After 18 months, my local school board was finally prepared to vote on implementing the recommendations of its Equity Task Force that advocated fairness and justice for historically marginalized groups. As the grandmother and great aunt to college and school age children, I felt compelled to attend the meeting. I believed the educators and others who'd committed to creating solutions to education inequities with a plan despite the objections of a few, very loud consituents, needed support.
I've been around a long time and know what systemic racism in education looks like. More importantly, I know what exclusion practices based on sterotypes and a false sense of entitlement, feel like. Needless to say, I was happy and proud that my local school board, determined to address the complex, centuries-old issue of instituional racism, now had a plan that includes short- and long-term action steps to provide high levels of academic success by honoring and valuing all members of our community.
Before the meeting, I actually read the posted Equity Impact Action Plan that was up for the school board vote. And while I understood from that reading that teaching CRT (Critical Race Theory) or any other specific curriculum details, for that matter, were not in this plan designed to address administrative systemic racist behaviors in our schools, I found myself, 1) in disbelief that what was clearly stated in the plan was wildly misrepresented in the comments; and 2)disheartened that so many of my neighbors were satisfied with the status quo, and didn't want the system to ensure equitable access to education. This was made evident to me when I heard statements like:
"We should move forward and teach our kids love and not dividing them with history."
"Equality and equity are not the same. You can't have both."
"I don't want my kids hearing words like privilege and oppression."
"CRT is going to make my kids experience "shaming" for being white."
I sat listening, my heartbeat racing, my inner voice screaming that this plan was not about CRT. Then I thought, what if it were? Had the speaker who suggested that now was not the time to expose their children to a non-prettified and falsified version of American history considered the position of blacks who have been shamed and disrespected for their skin color forever in this country? And what about immigrants? The manipulation of immigrants remains a ploy to keep us pitted against each other for government services and recognition. Native Americans were conquered, oppressed, and continue to be denied the rights awarded in treaties while the history books teach that Christopher Columbus discovered America. Did these parents care how black and brown kids will feel should that be talked about in history lessons that already minimize or completely ignore the sacrifices and contributions of all marginalized groups.

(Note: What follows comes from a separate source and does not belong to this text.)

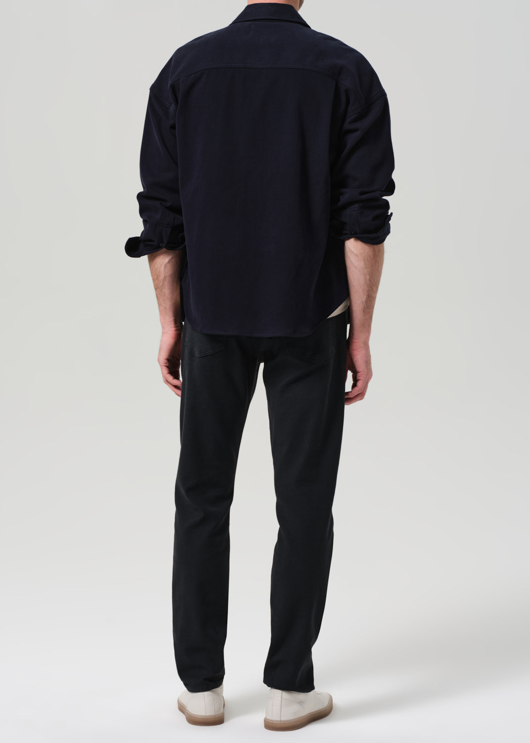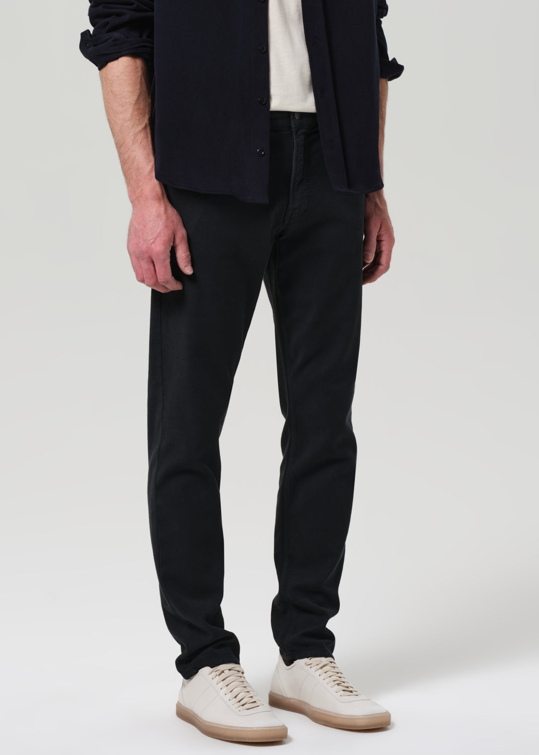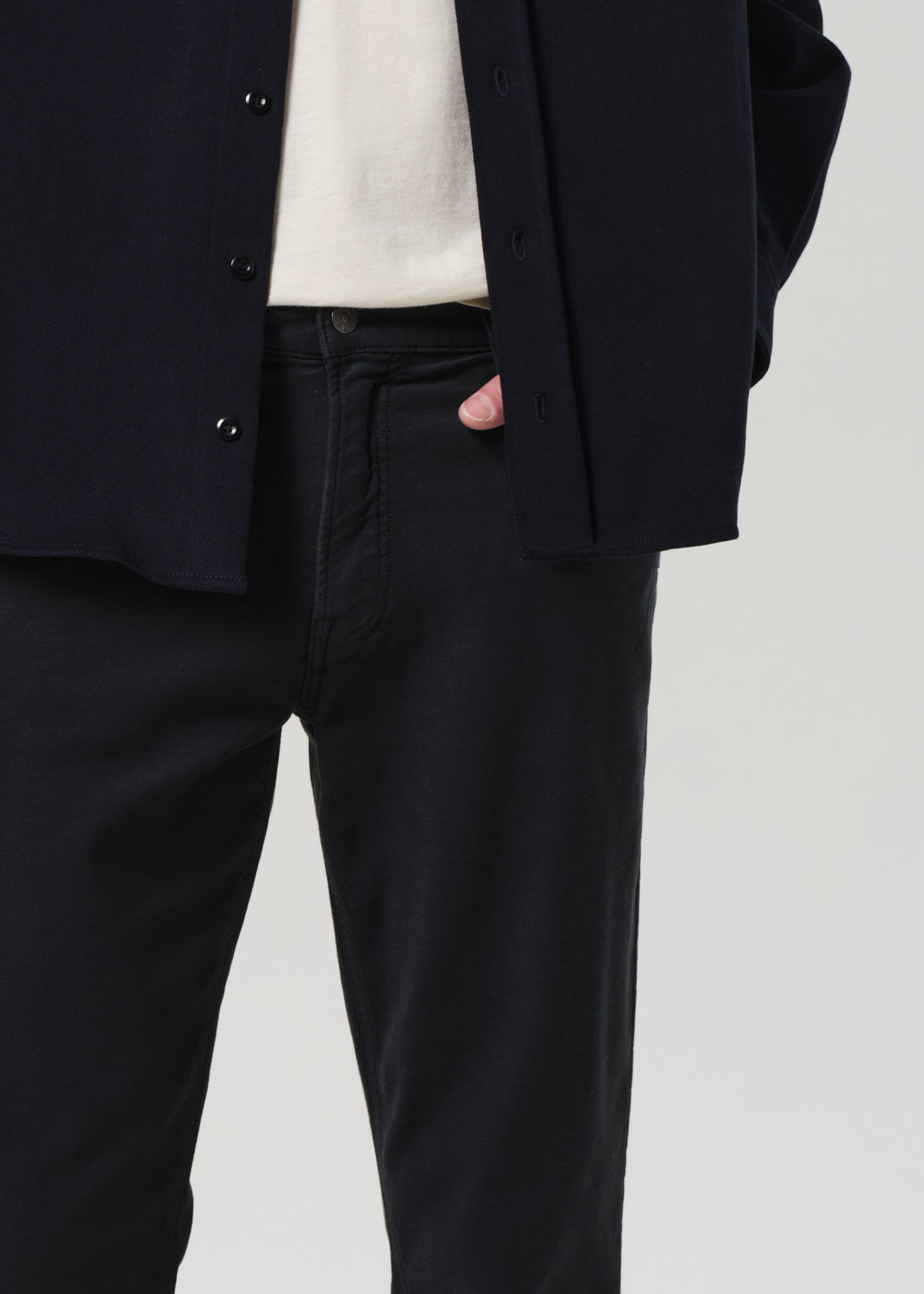 The Adler is our slim straight fit—slightly higher rise, room through the thigh, and a subtle taper from knee to ankle. Made from midweight French terry with comfortable stretch, this pair is finished in a deep charcoal grey for a clean, understated look.

I thought, how in 2022, can anyone suggest that teaching history and the role of civic responsibility will deny any human being the promise of life, liberty and the pursuit of happiness following: the George Floyd reckoning; the-threat to democracy demonstrated at the January 6 inssurrection; and the fear of furthering the advancement of the authoritarian cause, evident by the current war in Ukraine? What in the world can I, or any writer, say that will change the hearts and minds of those who are content to ignore data that proves that the if-they-get-something-I-lose-something mentality fails everyone, including them?
It is denial and history ignorance that perpetuates racial subjugation, and racial subjugation is a power-grabbing tactic used against democracy, unfortunately, with the support of those a government of, by and for the people is supposed to protect. What can I, or any writer, say to show we cannot wish away the existence of structural racism if white people aren't willing to acknowledge and carry their part of the heavy burden racism has put on all our shoulders?
Then I thought of my immediate family. Whenever we sit for a family meal, there are descendants of slaves, slave owners and the Holocaust-Christians, Jews, Muslims, as well athesisats, all at the table. When we celebrate a birthday, a graduation, or any personal achievement, there are whites, blacks, and browns in attendance.
I recalled the look of innocence and pride on my seven-year old white granddaughter's face when another kid she'd met on the Santa Cruz beach asked her if I was her grandmother.
She replied, her tone matter of fact, "Yes, I have two grandmothers, a brown one and a beige one."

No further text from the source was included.